Main points
- Corruption in the forestry sector is shaped by a complex interplay of local political–economic conditions and broader structural factors, such as the high economic value of forest resources, weak and opaque governance systems, unclear land tenure and limited oversight in remote forest areas.
- Corrupt networks in the forestry sector involve a wide array of actors, including forestry officials, other government agencies, law enforcement, private logging companies and organised crime groups, with the specific constellation of actors varying by local contexts and type of illegal activity.
- Corruption in the forestry sector ranges from petty forms (e.g. bribery) to high-level corruption, such as state capture, enabling both illegal activities (e.g. timber laundering, logging in protected areas) and illicit access to legal rights (e.g. obtaining logging permits through bribes).
- Two broad groups of studies estimate losses in the forestry sector: those assessing overall economic and revenue losses (including but not limited to corruption) and those estimating losses specifically attributable to corruption.
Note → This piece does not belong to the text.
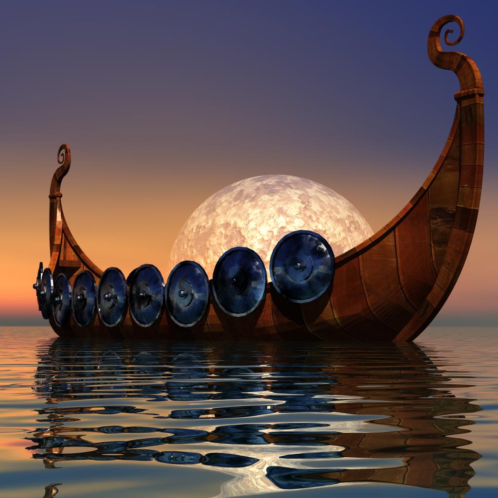 Wallpaper Viking boat on the background of the moon in the water 3d graphics

Most rely on indirect estimation methods (such as trade data discrepancies, wood balance analyses, import source analyses, expert surveys) or hybrid approaches to gauge the scale of illegal logging and associated losses.
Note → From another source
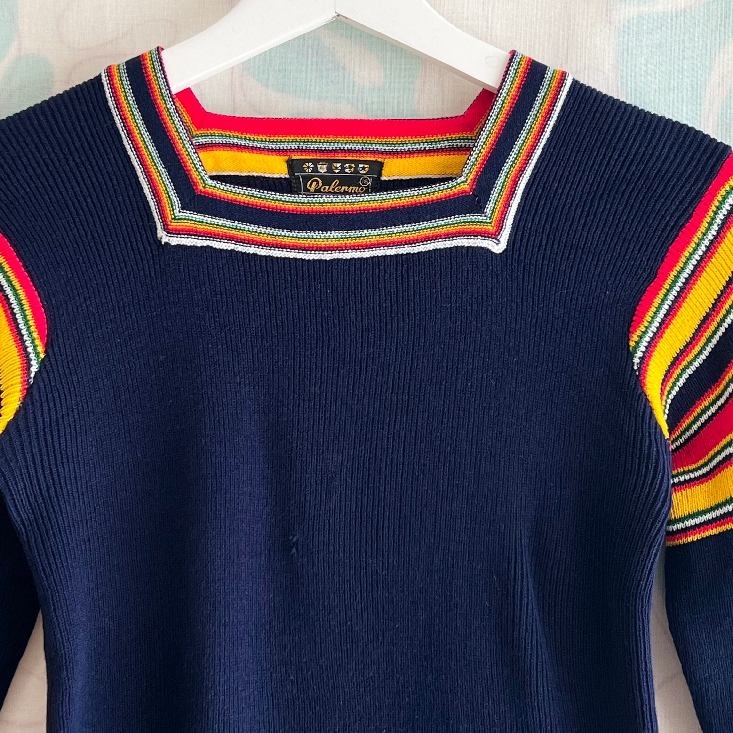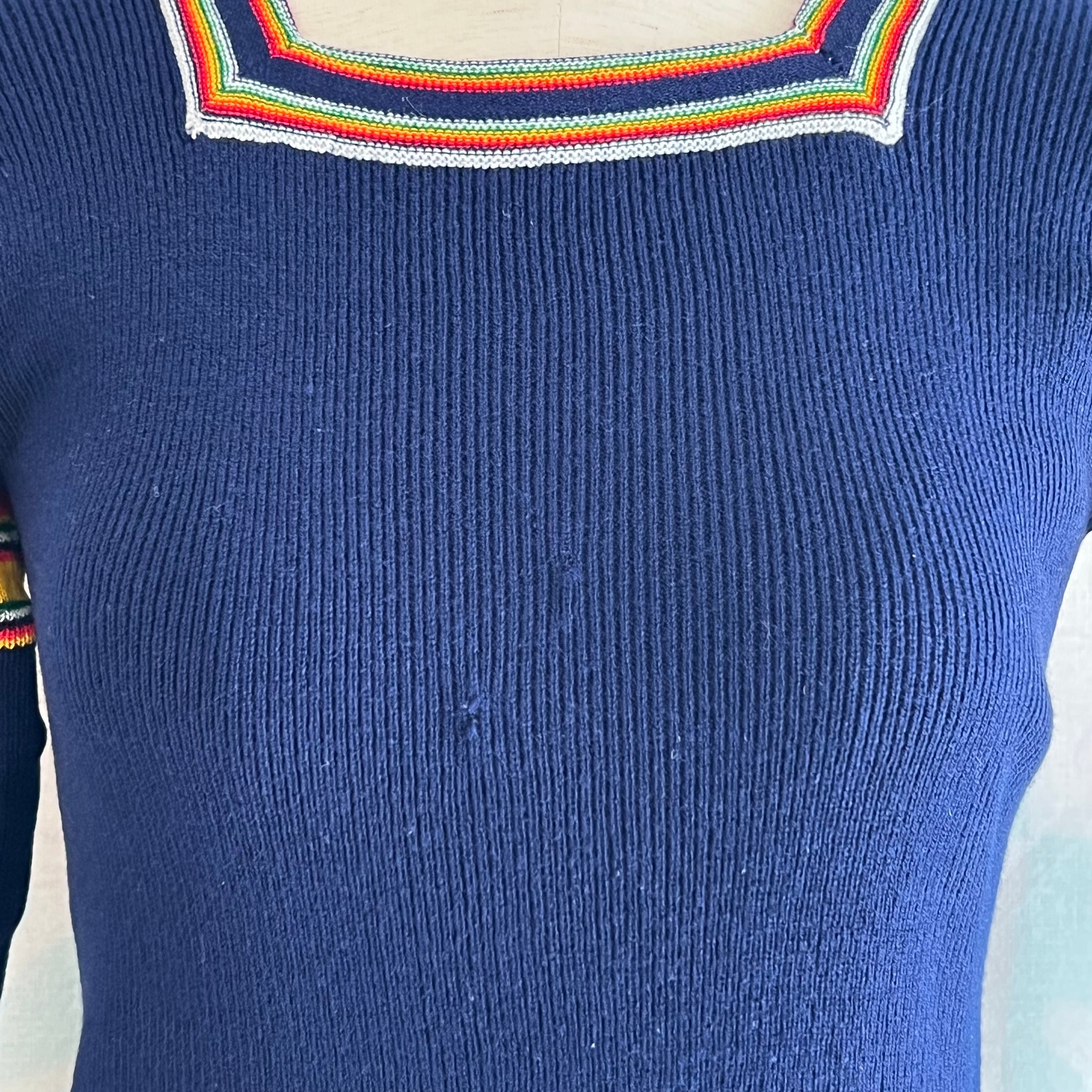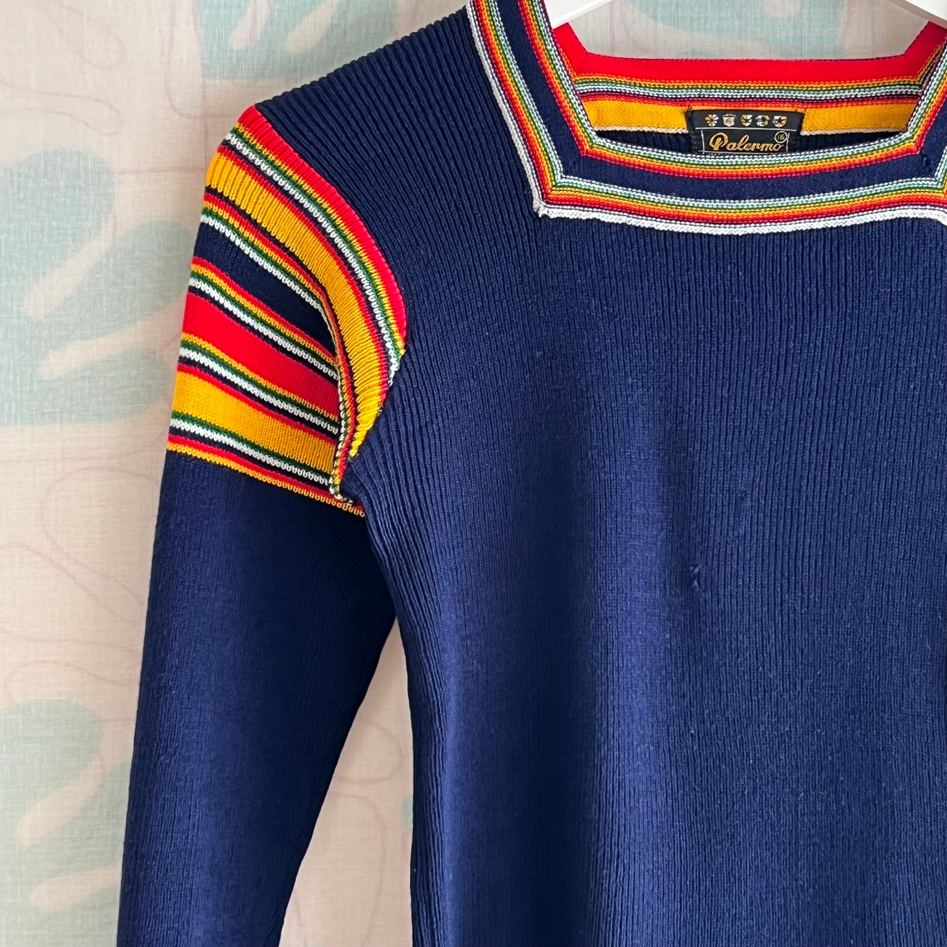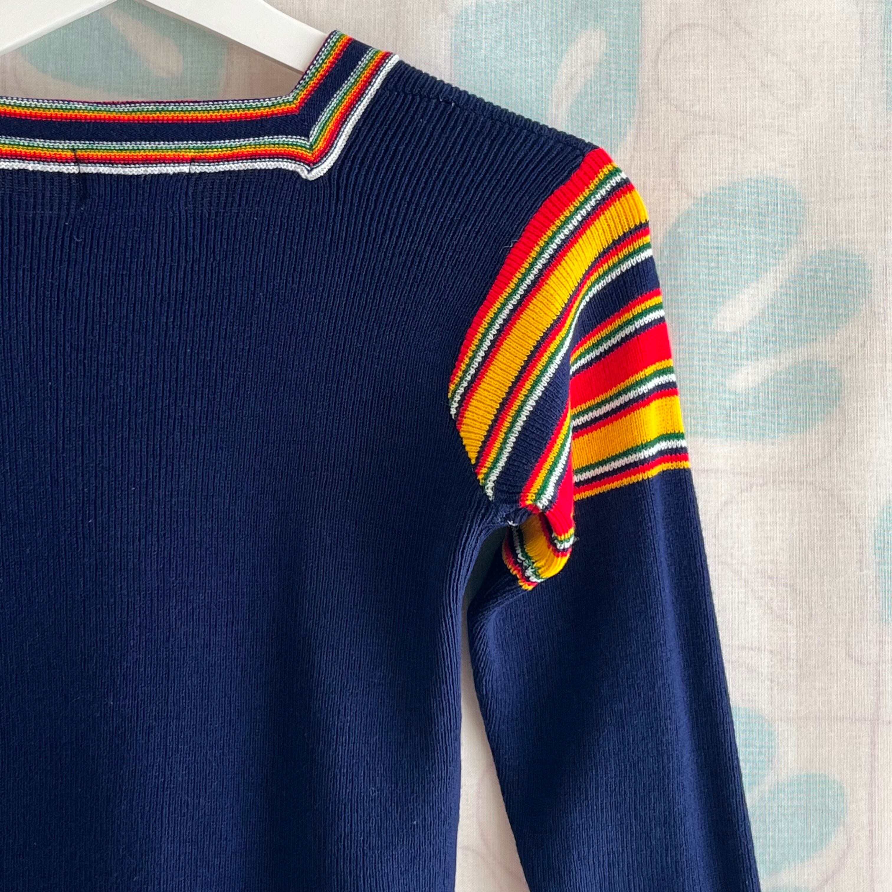 70's navy ribbed knit sweater with colorful stripes

- Estimating corruption-related losses remains constrained by scarce and inconsistent data, underreporting of corruption offences, differing definitions of illegality and a lack of reliable, machine-readable administrative and judicial records. As a result, estimates vary and rarely isolate the fiscal impact of corruption from broader illegal logging activity.
- Notable global assessments illustrate the scale of economic losses linked to illegal logging: for example, the World Bank (2019) estimates a combined value of illegal logging, fishing, and wildlife trade at over US$1 trillion annually, with source countries losing US$7 billion to US$12 billion in revenue each year and foregone tax revenues from illegal logging alone reaching US$6 billion to US$9 billion.
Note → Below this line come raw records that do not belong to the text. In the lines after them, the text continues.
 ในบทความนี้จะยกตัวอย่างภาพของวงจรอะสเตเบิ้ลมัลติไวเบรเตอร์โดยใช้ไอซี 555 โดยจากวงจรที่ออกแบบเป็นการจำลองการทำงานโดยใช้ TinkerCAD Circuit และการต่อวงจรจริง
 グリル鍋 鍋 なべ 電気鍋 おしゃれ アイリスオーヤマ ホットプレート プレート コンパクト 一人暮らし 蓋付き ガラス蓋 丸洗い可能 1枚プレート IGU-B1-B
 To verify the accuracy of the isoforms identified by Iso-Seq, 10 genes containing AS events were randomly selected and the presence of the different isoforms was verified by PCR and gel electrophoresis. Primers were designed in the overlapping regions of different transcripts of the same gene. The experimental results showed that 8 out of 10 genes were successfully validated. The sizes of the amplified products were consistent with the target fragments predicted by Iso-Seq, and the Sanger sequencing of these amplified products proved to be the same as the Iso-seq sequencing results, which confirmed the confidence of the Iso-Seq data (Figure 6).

- Despite broad recognition that corruption facilitates illegal logging and influences related losses, very few studies quantify corruption-specific revenue impacts, and those that do either lack a clear methodological description or analyse only broad cross-country correlations between corruption and forest loss, relying on distant proxies for corruption.
- Complementing regulatory measures, effective anti-corruption oversight of the forestry sector can be done using prevention and detection tools, corruption risk management, transparency and due diligence systems, beneficial ownership checks and emerging data driven and AI solutions.